Sunday's Commencement ceremony also included a special address by Holocaust survivor Barbara Turkeltaub, who was honored with the Walsh University Founders’ Award and Honorary Doctorate Degree of Humane Letters.
The Founders' Award is given to those who have illustrated in their lives the same ideals that inspired John de La Mennais and Gabriel Deshayes, founders of the Brothers of Christian Instruction. These ideals are faith in God, fidelity to the Catholic Church, active concern for Christian education, dedication to authentic social justice, and courageous promotion of human welfare, especially among the less fortunate and disenfranchised.

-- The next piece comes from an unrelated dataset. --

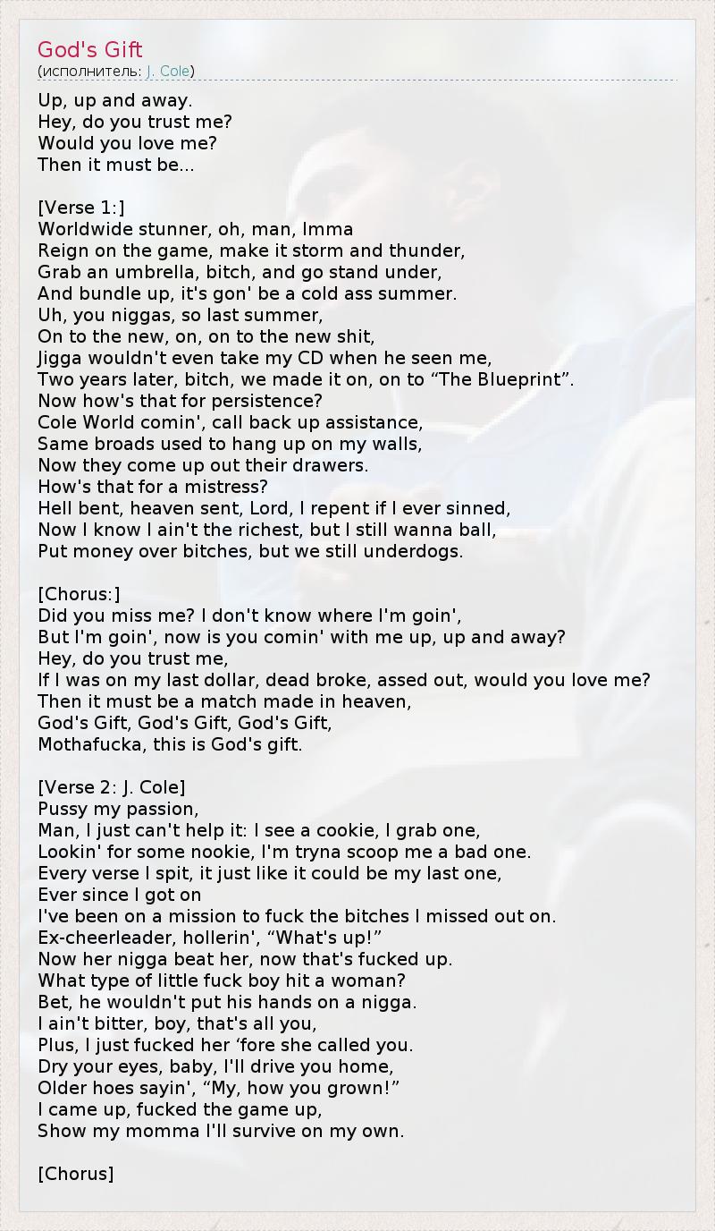Up, up and away. Hey, do you trust me? Would you love me? Then it must be... [Verse 1:] Worldwide stunner, oh, man, Imma Reign on the game, make it storm and thunder, Grab an umbrella, bitch, and go stand under, And bundle up, it's gon' be a cold ass summer. Uh, you niggas, so last summer, On to the new, on, on to the new shit, Jigga wouldn't even take my CD when he seen me, Two years later, bitch, we made it on, on to “The Blueprint”. Now how's that for persistence? Cole World comin', call back up assistance, Same broads used to hang up on my walls, Now they come up out their drawers. How's that for a mistress? Hell bent, heaven sent, Lord, I repent if I ever sinned, Now I know I ain't the richest, but I still wanna ball, Put money over bitches, but we still underdogs. [Chorus:] Did you miss me? I don't know where I'm goin', But I'm goin', now is you comin' with me up, up and away? Hey, do you trust me, If I was on my last dollar, dead broke, assed out, would you love me? Then it must be a match made in heaven, God's Gift, God's Gift, God's Gift, Mothafucka, this is God's gift. [Verse 2: J. Cole] Pussy my passion, Man, I just can't help it: I see a cookie, I grab one, Lookin' for some nookie, I'm tryna scoop me a bad one. Every verse I spit, it just like it could be my last one, Ever since I got on I've been on a mission to fuck the bitches I missed out on. Ex-cheerleader, hollerin', “What's up!” Now her nigga beat her, now that's fucked up. What type of little fuck boy hit a woman? Bet, he wouldn't put his hands on a nigga. I ain't bitter, boy, that's all you, Plus, I just fucked her ‘fore she called you. Dry your eyes, baby, I'll drive you home, Older hoes sayin', “My, how you grown!” I came up, fucked the game up, Show my momma I'll survive on my own. [Chorus]

Barbara Turkeltaub is a Child Survivor of the Holocaust. Born in Vilna, Lithuania, to a seamstress and an accountant, Barbara was barely in grade school when the Nazis marched into her hometown. Her family was soon hoarded into the Vilna ghetto with other Jewish residents. They found themselves surrounded by armed guards and barbed wire, while living in deplorable conditions. Somehow, Barbara and her sister Leah were smuggled out by her mother, Mina, who arranged to have them live with a non-Jewish family on a farm outside of town. During the next few years, Barbara and Leah began a remarkable journey through fear, faith, hope and survival.
One night after over hearing the farmer’s wife suggest that they turn the girls over to the Germans, she and her sister ran away and took refuge in a brick factory to keep warm. Posing as orphans, they were saved by a Catholic Priest named "Father Jan" who took them to a nearby Benedictine convent. There, they were sheltered, protected, schooled and raised as Catholics. She has never forgotten their kindness and compassion, even though they risked their lives to do so.

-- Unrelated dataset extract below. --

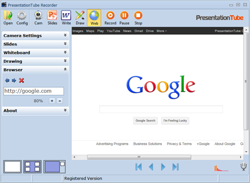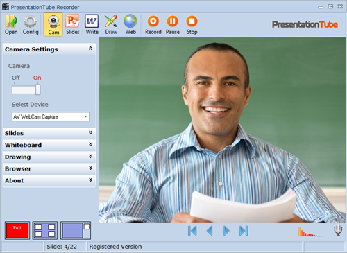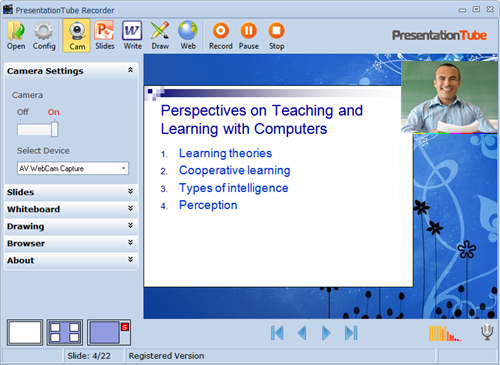 PresentationTube, eğitmenler, öğrenciler ve profesyoneller için ev veya ofis konforunda kendi PowerPoint sunumları kaydetmenize yardımcı olmak için tasarlanmış basit bir araçtır. Sunumları kaydederken İnternet bağlantısına gerek yoktur. Sunucunun ses ve video, PowerPoint slaytları, çizimleri, el yazısını PresentationTube ağına senkronize ederek video yüklemesini sağlar.

While the two girls hid from the Gestapo in the convent, their mother, Mina, gave birth to a son. She hid the newborn with a childless Christian couple before being sent to be murdered in the infamous Ponary forest. Once inside Ponary, she and scores of other women were shot with machine gun fire by German SS. Her mother was wounded but somehow survived, feigning death. Unfortunately, Barbara’s father and two sisters who joined the underground Partisans were tragically killed by retreating German soldiers towards the end of the war.

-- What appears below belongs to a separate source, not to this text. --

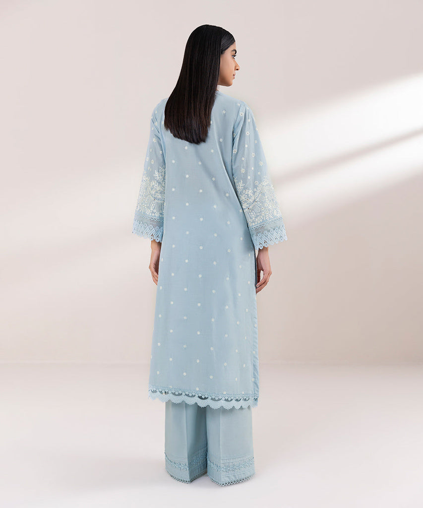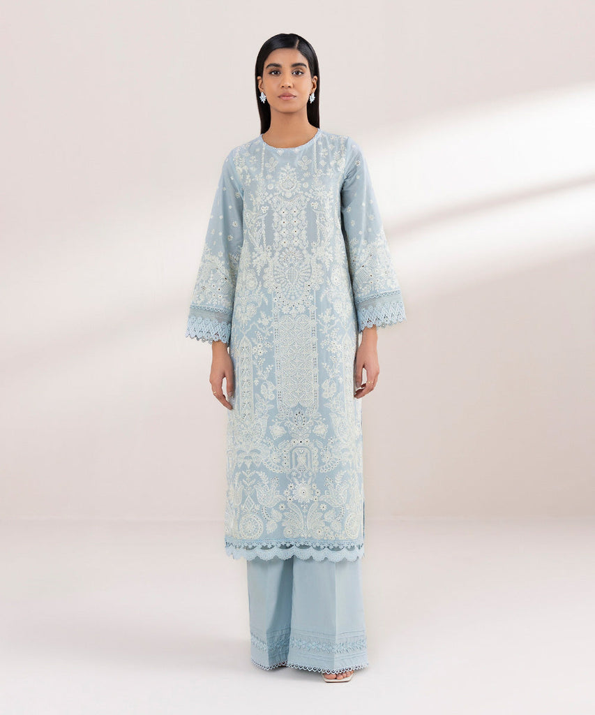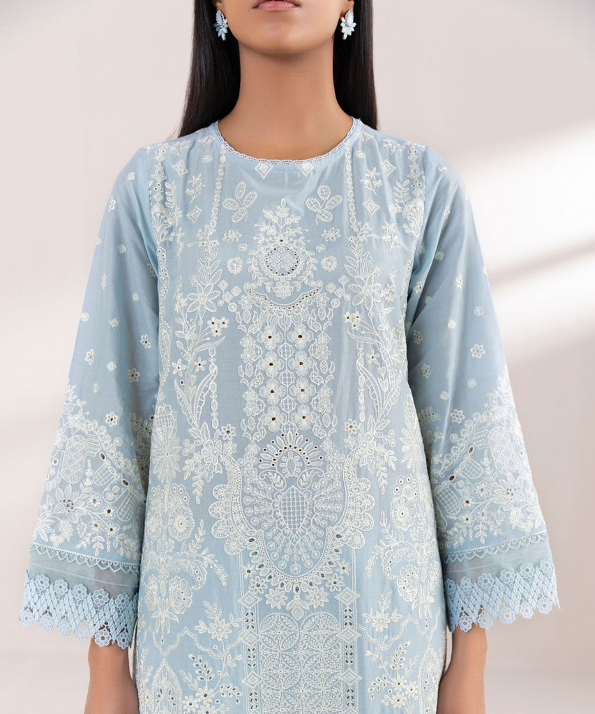 Elevate your festive style with our pastel blue A-line embroidered shirt featuring a round neckline.

For two years after the war, Barbara’s mother searched to find her surviving children, if any. She finally found them in the convent and was reunited with her two daughters and her son who had been raised by another family. Together, they immigrated to Israel, where Barbara was inducted into the Israeli Army. While there, she learned to be a nurse. She also met and married Joseph "Joe" Turkeltaub, a survivor of numerous slave labor and death camps, including Buchenwald and Dachau. Because Joe had relatives in Canton, Ohio, they came to the United States and began a home and family. Joe was an award-winning builder, while Barbara received training and worked as a nurse at Menorah Park nursing home in Beachwood, Ohio.
Barbara’s close connection to Walsh began with her husband Joe’s friendship with Walsh’s third President, Brother Francis Blouin. Over the years, she has remained a faithful friend to Walsh’s Founders, the Brothers of Christian Instruction, both at Walsh and in Alfred, Maine. Her dedication and friendship has blessed their lives in countless ways, including the utilization of her nursing skills to minister to their healthcare needs and compassionate comfort whenever needed.
As the last living survivor of the Holocaust in Canton, Ohio, Barbara has been active in Holocaust education for over 25 years, in the community and at Walsh. Barbara’s account of the conditions at that time and how she survived and maintained a hopeful attitude is a remarkable story that inspired Ohio Governor John Kasich to propose a plan to build a permanent memorial at the Ohio Statehouse. Designed by world-renowned architect Daniel Libeskind who also designed the new Freedom Towers in Manhattan, the memorial was unveiled and dedicated on June 2, 2014, with the hope that future generations may never forget what so few lived to tell.
Barbara has a son, Mark, and a daughter Esther, and is also a proud grandmother of three grandsons: Aaron, Matthew, and Evan.